The joint committee has belatedly recognised a problem. Under pressure, it announced at the beginning of May that an expert panel would be established to review the wider impact on other services if cardiac paediatrics were to close. That was welcome, but it has continued to press ahead with the original consultation and names for the new panel were not proposed until this week. By the time the new panel reports in August, the consultation will have closed. What happens if its response reflects the serious concerns about a whole series of national services? Having consulted on options A, B, C and D, it can hardly go for an option E that no one was asked about. It would then probably have to re-consult.

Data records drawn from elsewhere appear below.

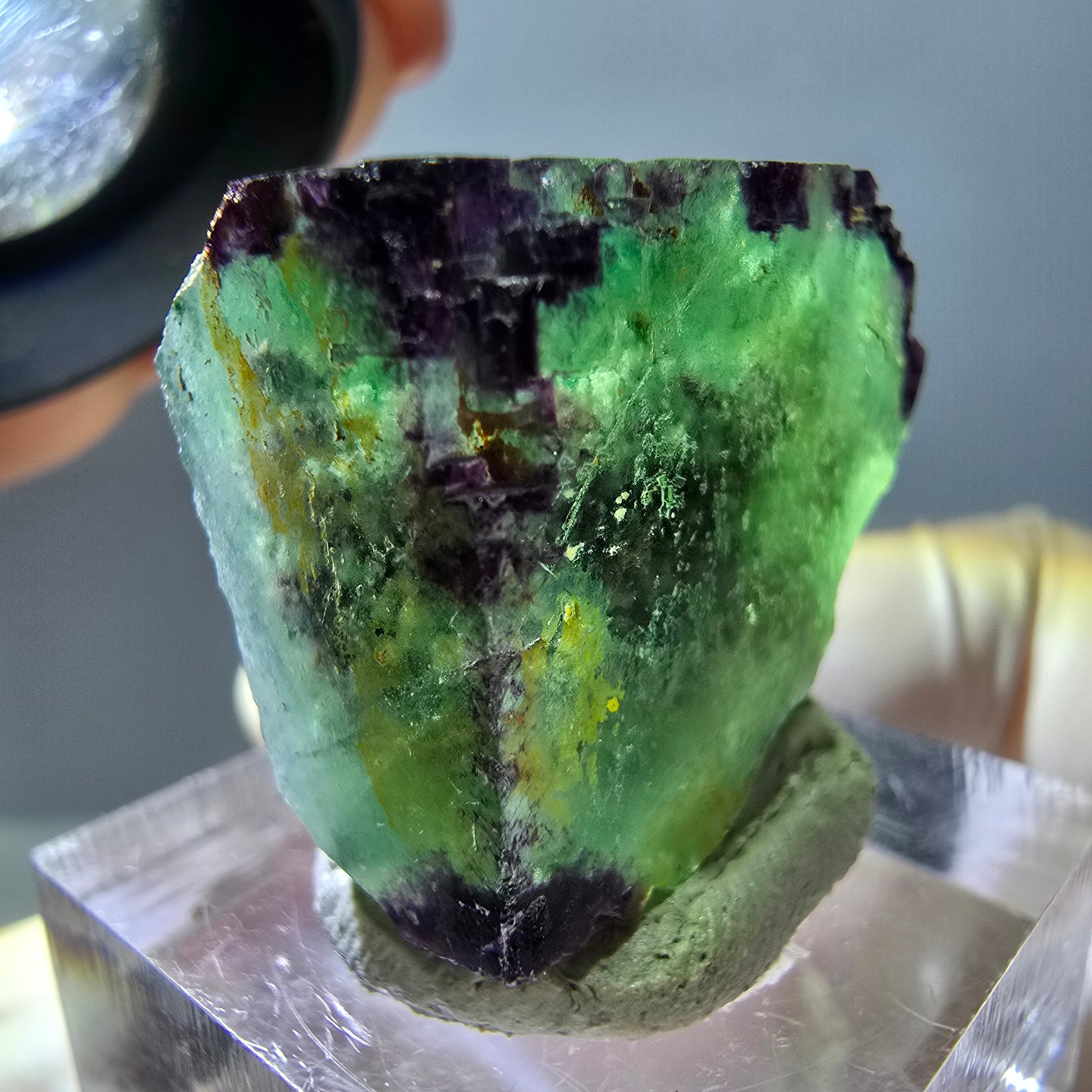 Cube de fluorite fantôme parqueté, zonal, vert violet Okorusu, Namibie 24*22*17mm
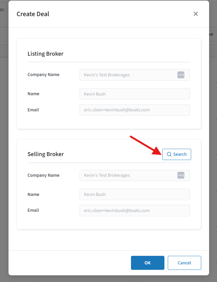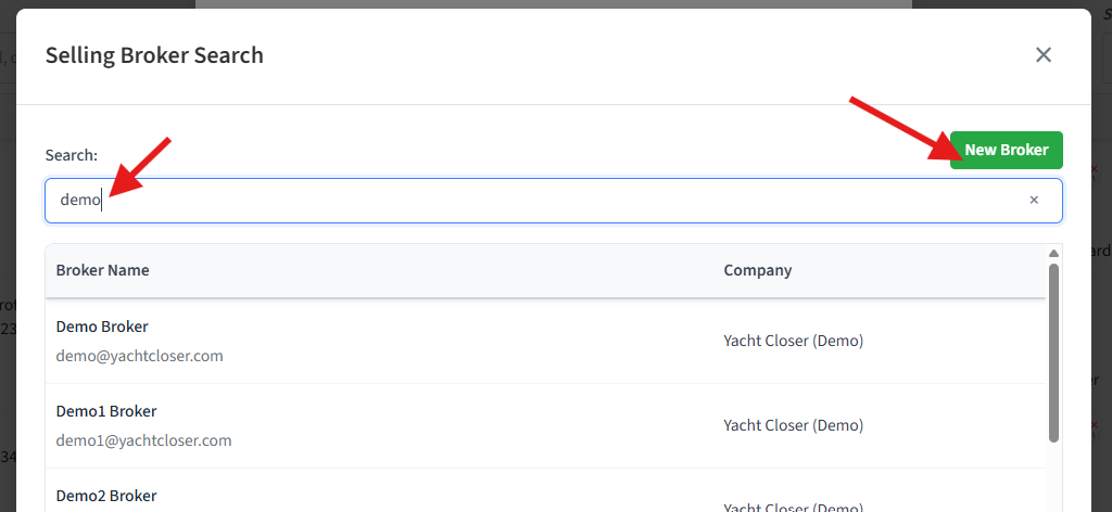 If the other broker is a YachtCloser user, you can easily pull them into the Deal by using the Search box. Or if they are not a YachtCloser user, simply click on New Broker.
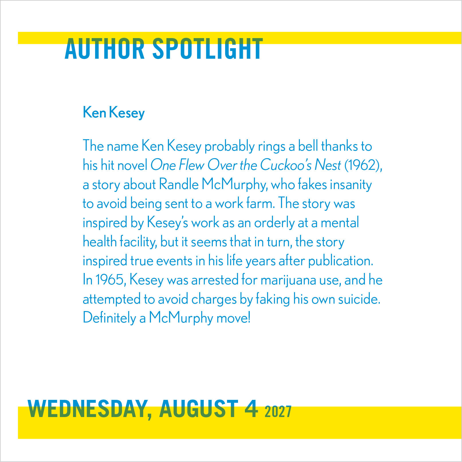 - INSIGHTFUL AND ENTERTAINING: Full of reading lists, author spotlights, history, trivia, quotes, and quizzes for fun literary year.

I became the MP for the Royal Brompton in May last year, although, as the neighbouring MP previously, I have been very familiar with its work for many years. Its previous MP, my right hon. and learned Friend the Member for Kensington (Sir Malcolm Rifkind), also strongly supports its campaign to fight the proposal. I have visited the hospital three times in the past year. The proposal to end its cardiac paediatrics has been brought to the attention of parliamentary colleagues across all parties and across large parts of London, the south-east and East Anglia. A huge petition has been gathered, signed by more than 30,000 people, and tomorrow we are delivering it to No. 10. I have written at length and in detail to the Secretary of State on the matter, and he helpfully replied—I think this was confirmed by the Minister—that

“no decisions have yet been made”,

including on the number of units to be located in London. That is a cause for encouragement.

I repeat that I support the aims of the review, but the consultation has been badly flawed. Three units in London, perhaps restructured, should have been an option, and the knock-on effects of closing services should have been considered. The case must now be re-examined. The Royal Brompton is good enough, large enough and loved enough to survive.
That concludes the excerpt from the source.